Number of Unique Good Subsequences - Video Solutions

Problem Overview: Given a binary string, count the number of unique good subsequences. A subsequence is good if it has no leading zeros unless the subsequence itself is "0". Duplicate subsequences must be counted once, which turns the problem into a combination of subsequence generation and deduplication.

Approach 1: Dynamic Programming (O(n) time, O(1) space)

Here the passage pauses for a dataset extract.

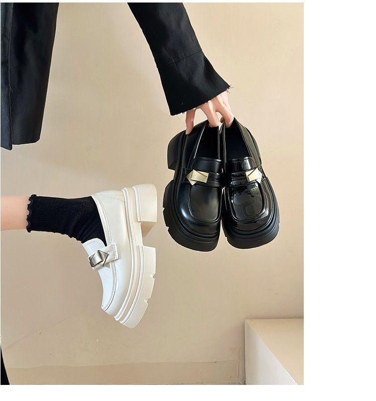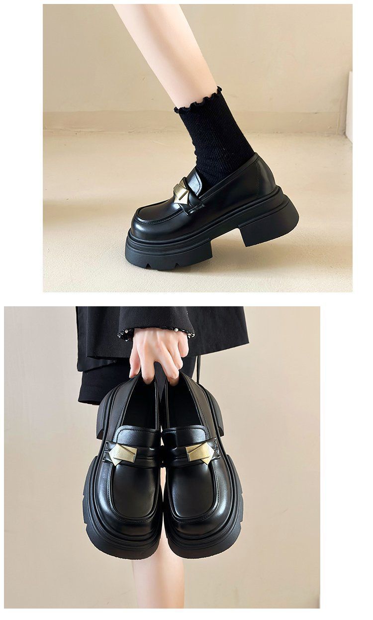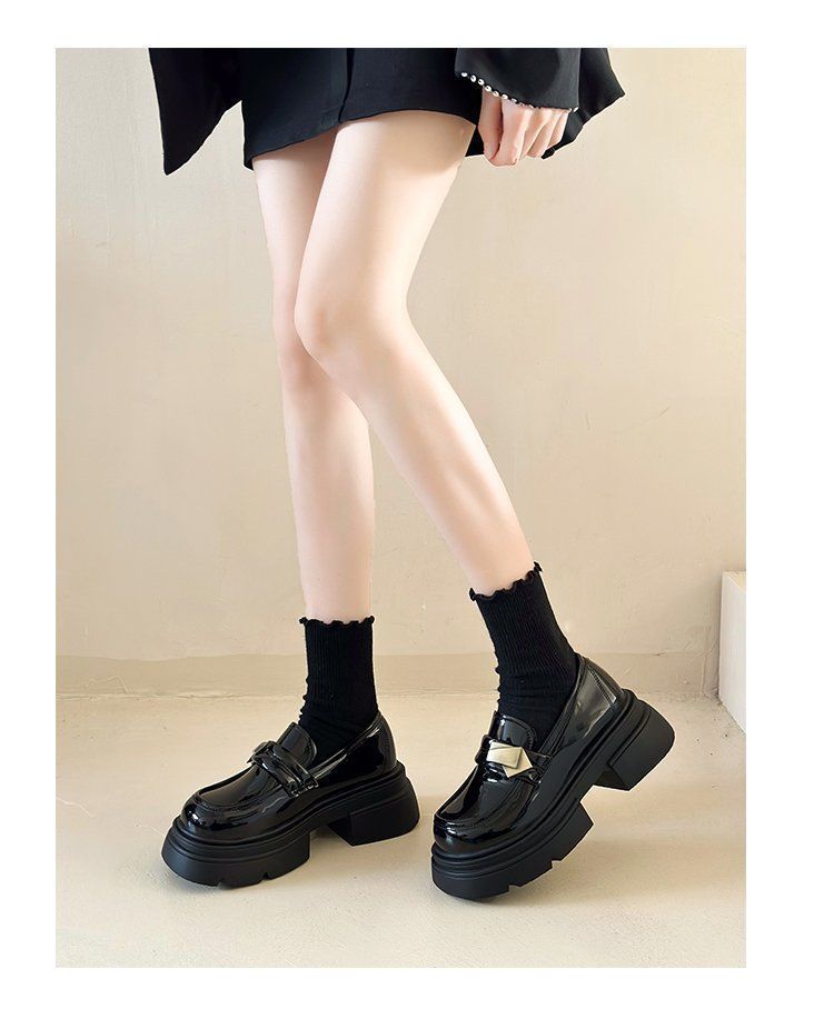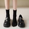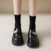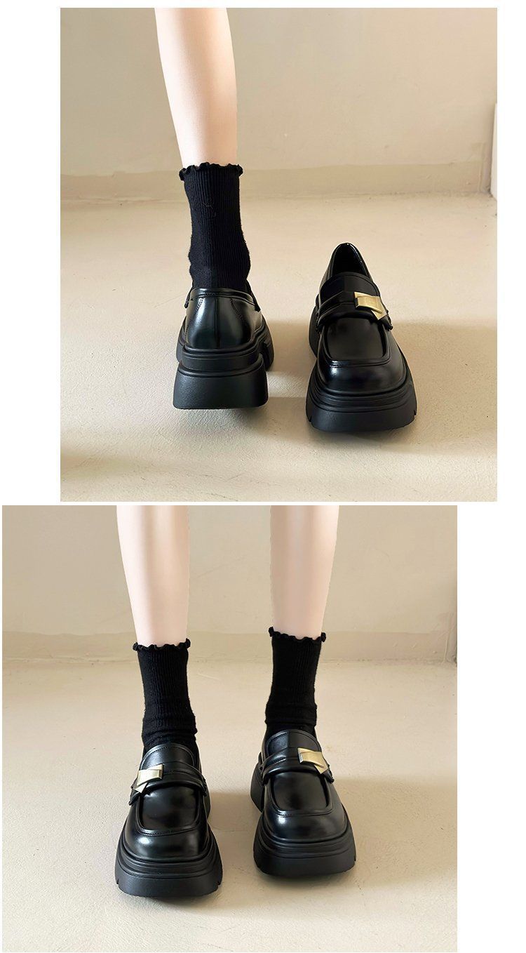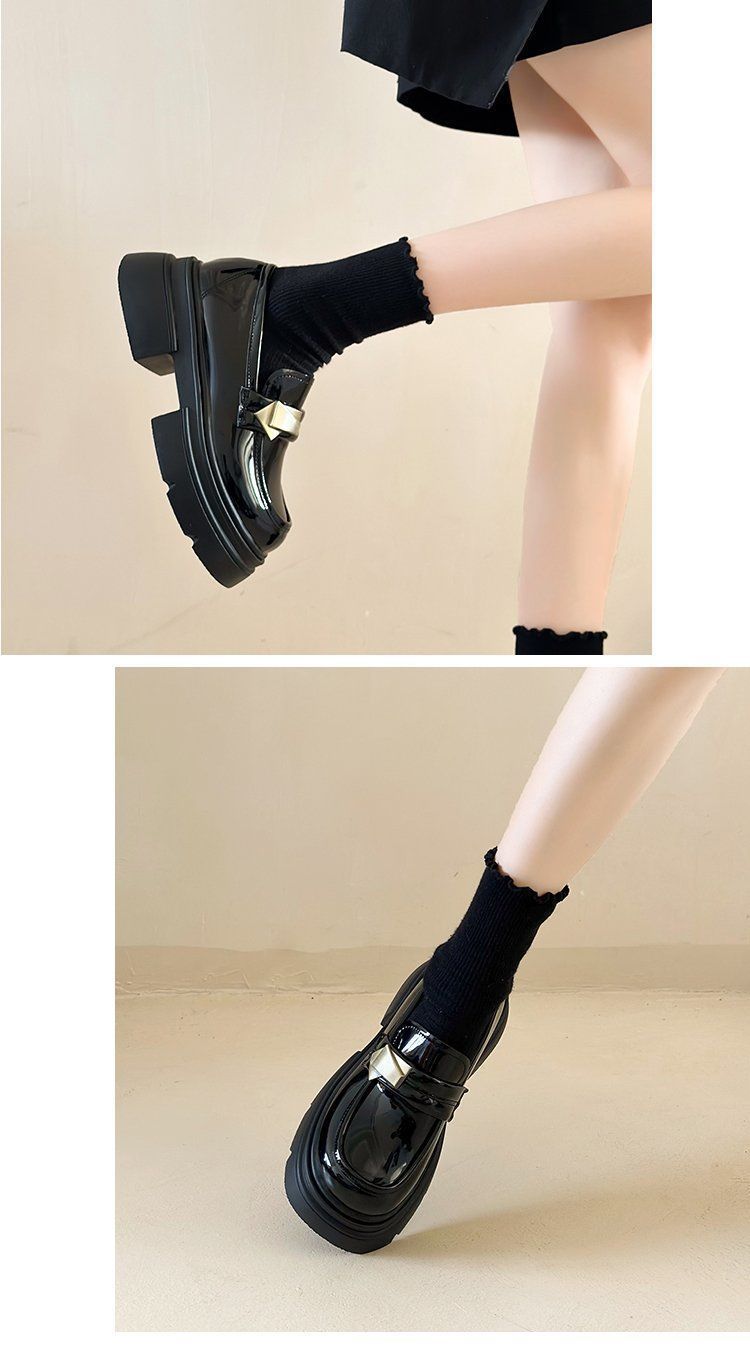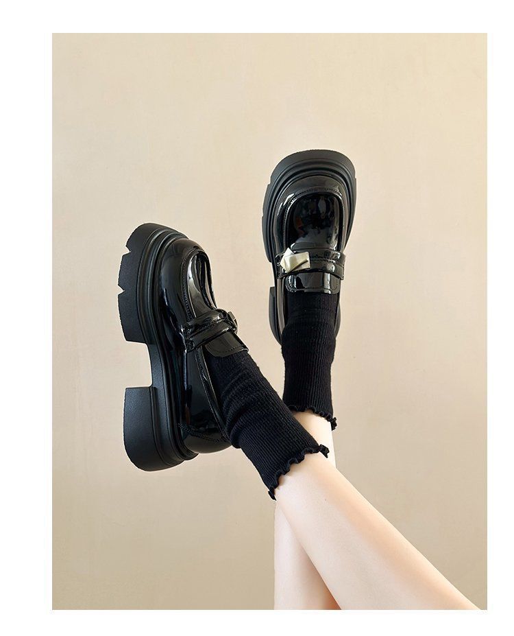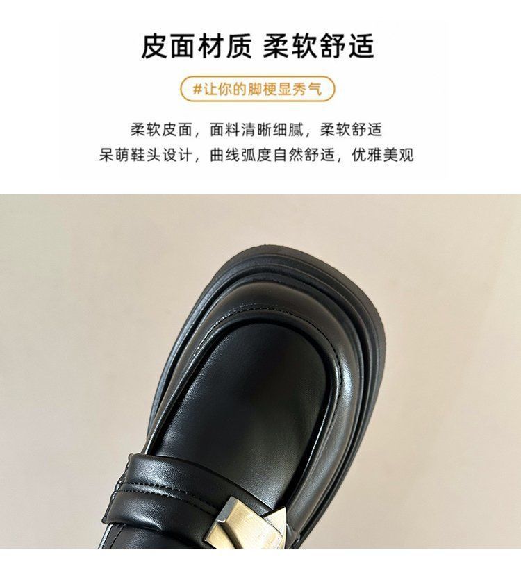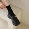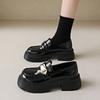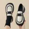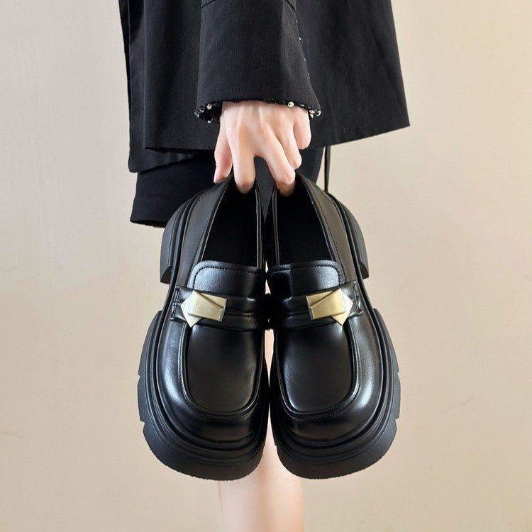 Mocasines Negros Zapatos Slip-on Zapatos Mary Jane para Mujer Primavera 2024 Nuevos Zapatos Pequeños de Cuero de Estilo Británico de Suela Gruesa para Mujer

The key observation: every good subsequence must end with either 0 or 1. Track two counters while scanning the string from left to right: the number of unique subsequences ending in 0 and those ending in 1. When you see a 1, it can extend all existing subsequences or start a new one, so update the endWith1 count. When you see a 0, it can only extend existing subsequences that already started with 1, because leading zeros are not allowed except for the single "0" subsequence. Maintain a flag to record whether a standalone "0" exists. Each step performs constant updates, giving O(n) time and O(1) extra space. This approach relies on careful state transitions typical in dynamic programming and works directly on the string without generating subsequences explicitly.

Approach 2: Bit Manipulation and Union-Find (O(n α(n)) time, O(n) space)

This perspective treats each subsequence state as a node representing the binary value pattern formed so far. Bit manipulation helps encode subsequence endings compactly, while a Union-Find structure merges states that represent identical subsequences created through different index paths. During iteration, extending a subsequence with the next bit may produce duplicates; union operations collapse those equivalent states so only unique representatives remain. Path compression keeps the amortized cost near constant, leading to roughly O(n α(n)) time and O(n) space. The method highlights how deduplication can be handled structurally using disjoint-set unions, often paired with bit manipulation for compact state handling.

Recommended for interviews: The dynamic programming solution is what interviewers expect. It shows you can convert a subsequence counting problem into a small set of states and avoid exponential enumeration. Explaining why leading zeros restrict transitions demonstrates deeper reasoning about constraints. The alternative structural approach is interesting conceptually, but the constant-space DP is the cleanest and most efficient answer.